(Work task): Pictures in the records below are skipped; the rest is copied exactly.

(Recorded information):

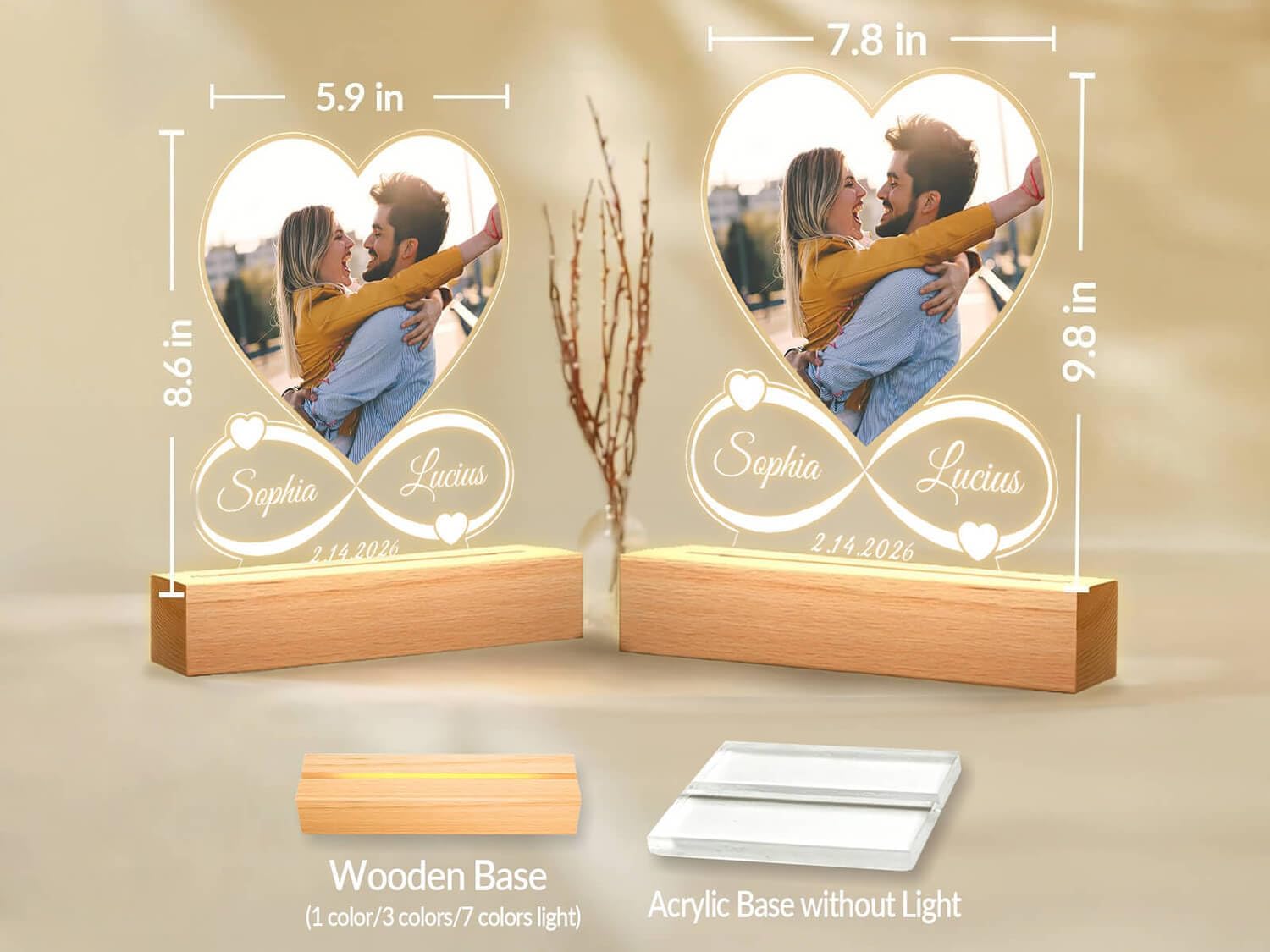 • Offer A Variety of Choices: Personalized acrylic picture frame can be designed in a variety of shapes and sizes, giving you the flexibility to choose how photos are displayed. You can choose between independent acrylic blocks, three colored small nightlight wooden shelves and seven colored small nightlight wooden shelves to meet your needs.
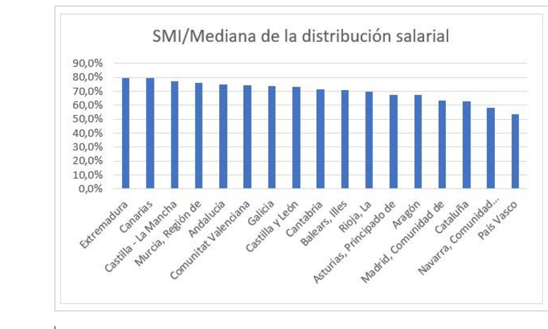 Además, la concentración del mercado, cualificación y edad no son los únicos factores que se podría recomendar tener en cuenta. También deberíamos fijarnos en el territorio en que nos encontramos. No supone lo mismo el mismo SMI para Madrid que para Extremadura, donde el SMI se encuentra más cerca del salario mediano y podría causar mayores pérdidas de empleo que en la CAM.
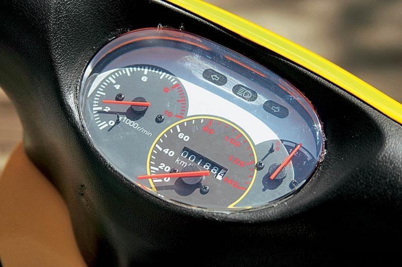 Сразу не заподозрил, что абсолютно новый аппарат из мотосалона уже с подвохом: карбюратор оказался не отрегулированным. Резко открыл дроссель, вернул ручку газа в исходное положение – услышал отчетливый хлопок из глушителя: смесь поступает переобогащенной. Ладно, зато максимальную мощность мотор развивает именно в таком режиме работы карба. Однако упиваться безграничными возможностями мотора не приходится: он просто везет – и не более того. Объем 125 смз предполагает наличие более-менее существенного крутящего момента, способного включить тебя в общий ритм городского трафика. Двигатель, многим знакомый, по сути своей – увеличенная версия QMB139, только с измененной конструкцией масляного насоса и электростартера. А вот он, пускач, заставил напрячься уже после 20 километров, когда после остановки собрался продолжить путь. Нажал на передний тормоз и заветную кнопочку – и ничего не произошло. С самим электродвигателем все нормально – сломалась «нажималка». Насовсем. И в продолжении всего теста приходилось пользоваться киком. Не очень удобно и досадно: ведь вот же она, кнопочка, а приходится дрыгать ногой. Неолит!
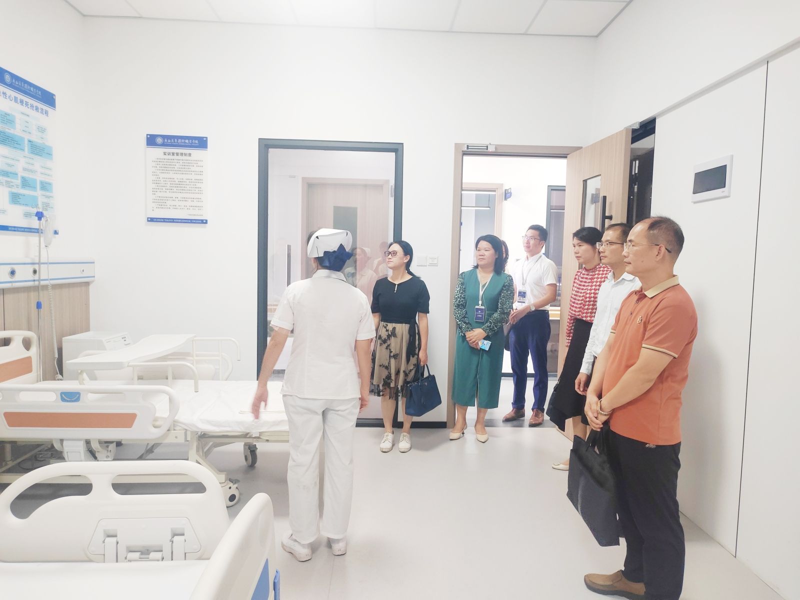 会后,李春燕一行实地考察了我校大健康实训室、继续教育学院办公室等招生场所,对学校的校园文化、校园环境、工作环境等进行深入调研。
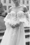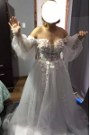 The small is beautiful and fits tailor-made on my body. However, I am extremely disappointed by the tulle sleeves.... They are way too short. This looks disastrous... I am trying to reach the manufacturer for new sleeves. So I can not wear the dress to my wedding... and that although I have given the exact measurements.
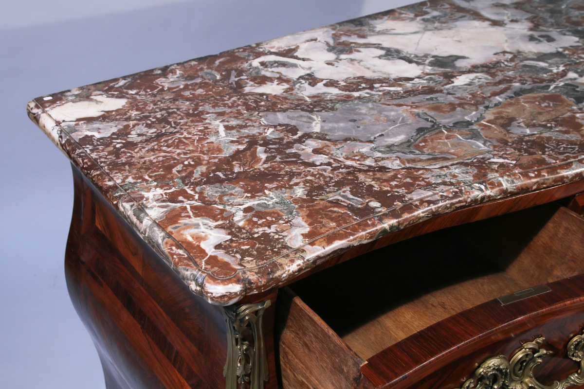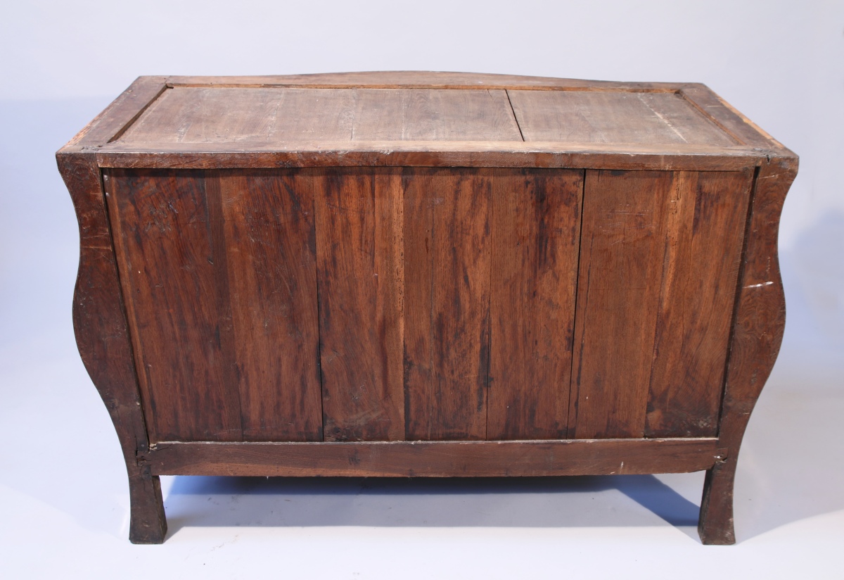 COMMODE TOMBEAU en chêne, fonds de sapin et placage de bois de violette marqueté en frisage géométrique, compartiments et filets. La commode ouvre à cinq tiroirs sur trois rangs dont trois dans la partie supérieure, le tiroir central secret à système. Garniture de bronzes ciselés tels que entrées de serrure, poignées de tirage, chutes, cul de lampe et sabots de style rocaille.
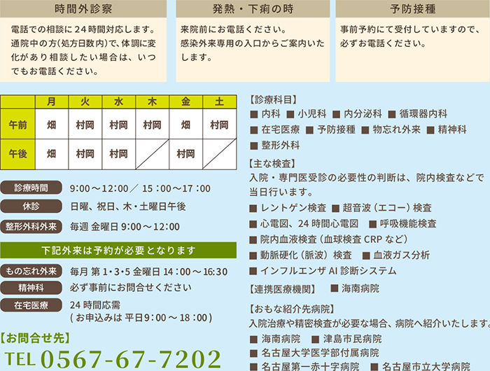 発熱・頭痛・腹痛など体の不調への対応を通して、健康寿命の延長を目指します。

(Reply to the exercise):
 • Offer A Variety of Choices: Personalized acrylic picture frame can be designed in a variety of shapes and sizes, giving you the flexibility to choose how photos are displayed. You can choose between independent acrylic blocks, three colored small nightlight wooden shelves and seven colored small nightlight wooden shelves to meet your needs.
 Además, la concentración del mercado, cualificación y edad no son los únicos factores que se podría recomendar tener en cuenta. También deberíamos fijarnos en el territorio en que nos encontramos. No supone lo mismo el mismo SMI para Madrid que para Extremadura, donde el SMI se encuentra más cerca del salario mediano y podría causar mayores pérdidas de empleo que en la CAM.
 Сразу не заподозрил, что абсолютно новый аппарат из мотосалона уже с подвохом: карбюратор оказался не отрегулированным. Резко открыл дроссель, вернул ручку газа в исходное положение – услышал отчетливый хлопок из глушителя: смесь поступает переобогащенной. Ладно, зато максимальную мощность мотор развивает именно в таком режиме работы карба. Однако упиваться безграничными возможностями мотора не приходится: он просто везет – и не более того. Объем 125 смз предполагает наличие более-менее существенного крутящего момента, способного включить тебя в общий ритм городского трафика. Двигатель, многим знакомый, по сути своей – увеличенная версия QMB139, только с измененной конструкцией масляного насоса и электростартера. А вот он, пускач, заставил напрячься уже после 20 километров, когда после остановки собрался продолжить путь. Нажал на передний тормоз и заветную кнопочку – и ничего не произошло. С самим электродвигателем все нормально – сломалась «нажималка». Насовсем. И в продолжении всего теста приходилось пользоваться киком. Не очень удобно и досадно: ведь вот же она, кнопочка, а приходится дрыгать ногой. Неолит!
 会后,李春燕一行实地考察了我校大健康实训室、继续教育学院办公室等招生场所,对学校的校园文化、校园环境、工作环境等进行深入调研。
 The small is beautiful and fits tailor-made on my body. However, I am extremely disappointed by the tulle sleeves.... They are way too short. This looks disastrous... I am trying to reach the manufacturer for new sleeves. So I can not wear the dress to my wedding... and that although I have given the exact measurements.
 COMMODE TOMBEAU en chêne, fonds de sapin et placage de bois de violette marqueté en frisage géométrique, compartiments et filets. La commode ouvre à cinq tiroirs sur trois rangs dont trois dans la partie supérieure, le tiroir central secret à système. Garniture de bronzes ciselés tels que entrées de serrure, poignées de tirage, chutes, cul de lampe et sabots de style rocaille.
 発熱・頭痛・腹痛など体の不調への対応を通して、健康寿命の延長を目指します。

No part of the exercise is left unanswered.